Nigerian workers’ leader kidnapped


THE BEGINNING of July saw dramatic developments in the struggle for a higher minimum wage in Nigeria.(see below)

On 4 July Ayodele Akele, leader of over 40,000 striking Lagos State workers and a leading Democratic Socialist Movement member, was seized by men claiming to be from the State Security Service (SSS). However, the next day the state denied having arrested Akele, stating that his disappearance was an attempt to prolong the strike.

Eventually after 31 hours Akele was released on the outskirts of Lagos. He had been held in a house and told that he was being held to ensure that the strike would come to an end.

However the death of a striker, Adigun Popoola, the next day only reinforced the Lagos workers determination. Popoola, was killed during a mass protest outside the Lagos State Secretariat in Alausa.

Eyewitnesses and press reports described how the police attempted to stop him reaching hospital. Five workers arrested at the same time have been falsely charged with attempting to burn down the State Secretariat building.

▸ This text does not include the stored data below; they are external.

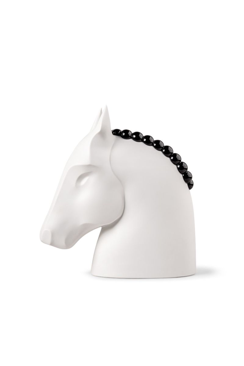 Более мягкое и трогательное настроение задаёт Baby Horse. Эта работа входит в коллекцию Baby Animals, где двенадцать знаков китайского зодиака представлены в легкой, почти сказочной манере. Белоснежный фарфор, сочетание матовых и глянцевых поверхностей, выразительные черные глаза и вручную выполненный декоративный нагрудник придают скульптуре эмоциональную теплоту. В этом образе угадываются черты, традиционно приписываемые рожденным под знаком Лошади: энергичность, независимость и харизма.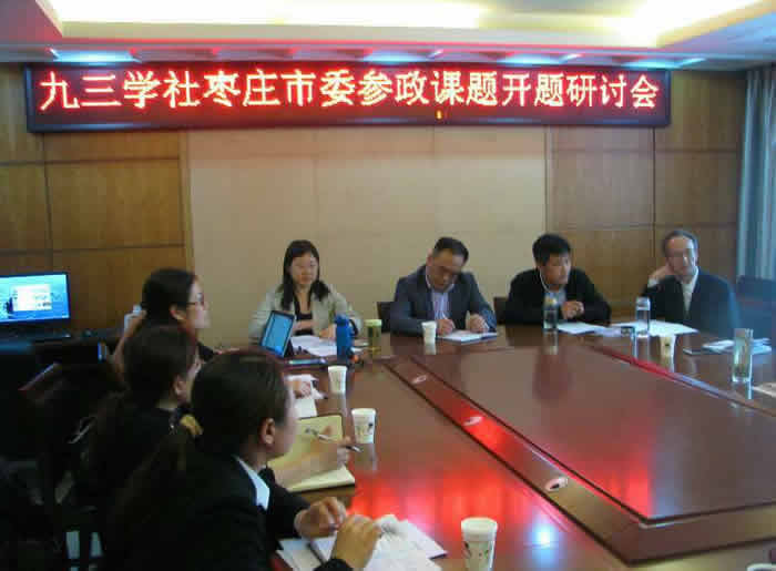 3月28日下午,九三学社枣庄市委在市政协四楼会议室召开了各基层组织参政调研课题开题研讨会。社枣庄市委主委、枣庄市政协副主席傅廷安出席会议并讲话,社枣庄市委秘书长韩梅及各基层组织分管参政议政的同志共15人参加了会议。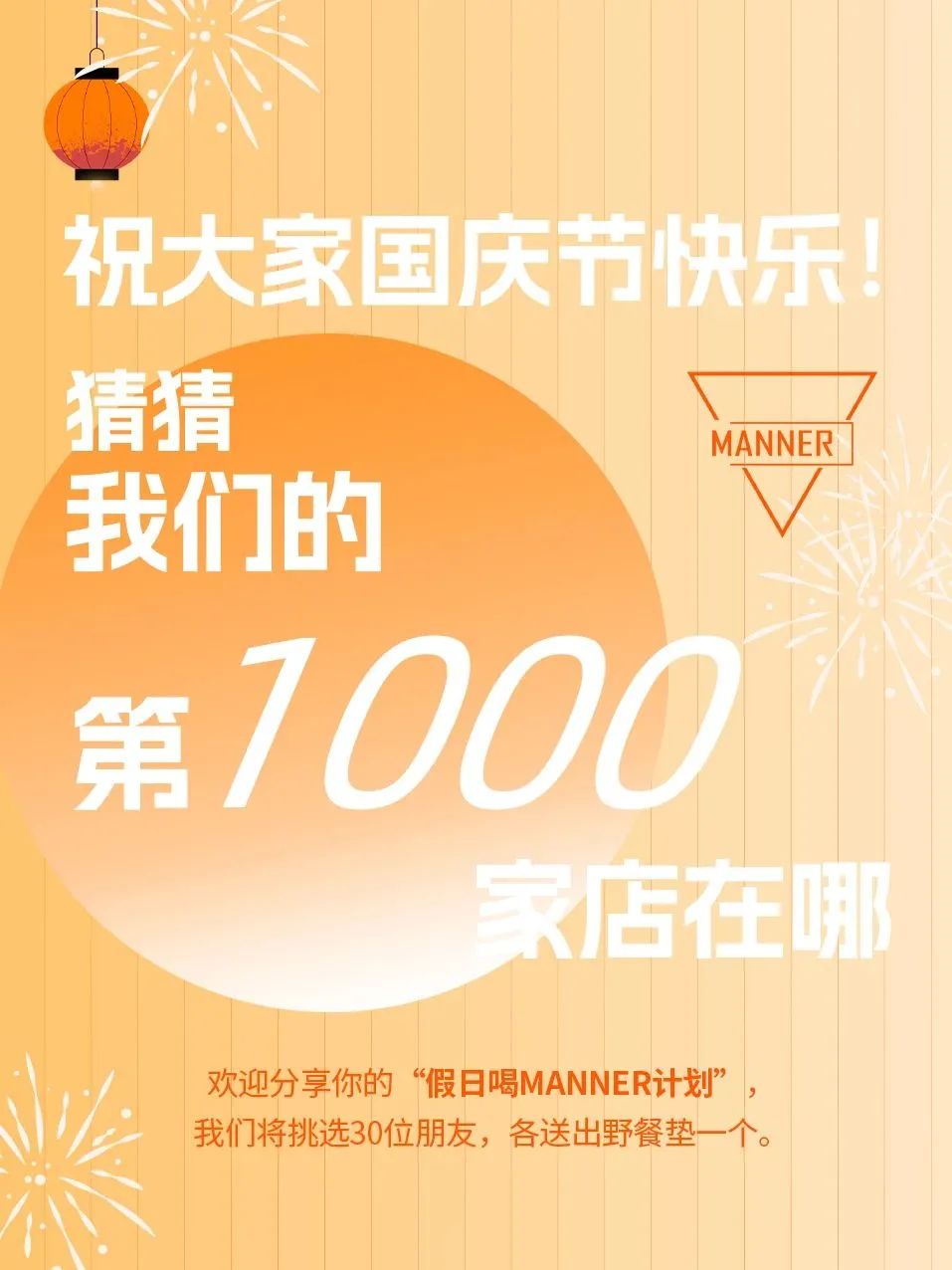 9月30日,Manner官方微信发布了一条消息“我们的第1000家店,马上来了”。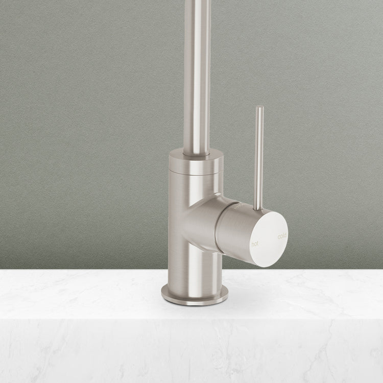 Vivid Slimline Sink Mixer 220mm Squareline Brushed Nickel Available with 160mm or 220mm spout reach 360° swivel spout for enhanced functionality Solid brass construction Lead Free composition 35mm ceramic cartridge... Read more

Akele’s abduction sets a dangerous precedent. This has been one of the first times in Nigeria that the seizure of an opponent of the ruling regime has not been admitted. Nigeria could now be joining the list of those countries where activists “disappear” or are dealt with by “death squads”.

Since then the Lagos State Government went on a renewed offensive, singling out the Democratic Socialist Movement and its general secretary, Segun Sango, for attack.

The State government has waged a consistent propaganda campaign to try to isolate the strikers. The hypocrisy has been incredible.

The Commissioner for Information has claimed that the “union leaders are fighting for the elite” in demanding a 7,500 Naira (£47) monthly minimum, yet his monthly wage is 77,000 Naira (£482) plus allowances and expenses!

Clearly these officials are fighting to defend both themselves and the capitalist system they represent.

Significantly this propaganda campaign has not isolated the strikers. In fact these experiences are making more and more workers and youth attracted to the ideas of the DSM, especially its call for the creation of a working people’s party and for a socialist alternative.

The text of all DSM statements, newspapers and leaflets can be obtained from the CWI at [email protected]

Nigeria: United workers action brings victory

FOLLOWING THE ending of military rule last year, the Nigerian Labour Congress (NLC) launched a campaign for the 3,000 Naira monthly minimum wage to be raised to N20,000 (£125). A demand which, since the end of 1997, the Democratic Socialist Movement (DSM – the Nigerian counterpart of the Socialist Party) has been campaigning for.

James Long

This demand was actually quite a modest amount. Last May the leader of SESCAN, the union representing senior staff in the private sector, estimated that, if UN guidelines were followed, it should be N24,000. Similarly the minimum wage of N125 set in 1981 was then worth $221, at today’s Naira exchange rate $221 would mean N22,100 – an indication of how far Nigeria has been pushed back in the last 20 years.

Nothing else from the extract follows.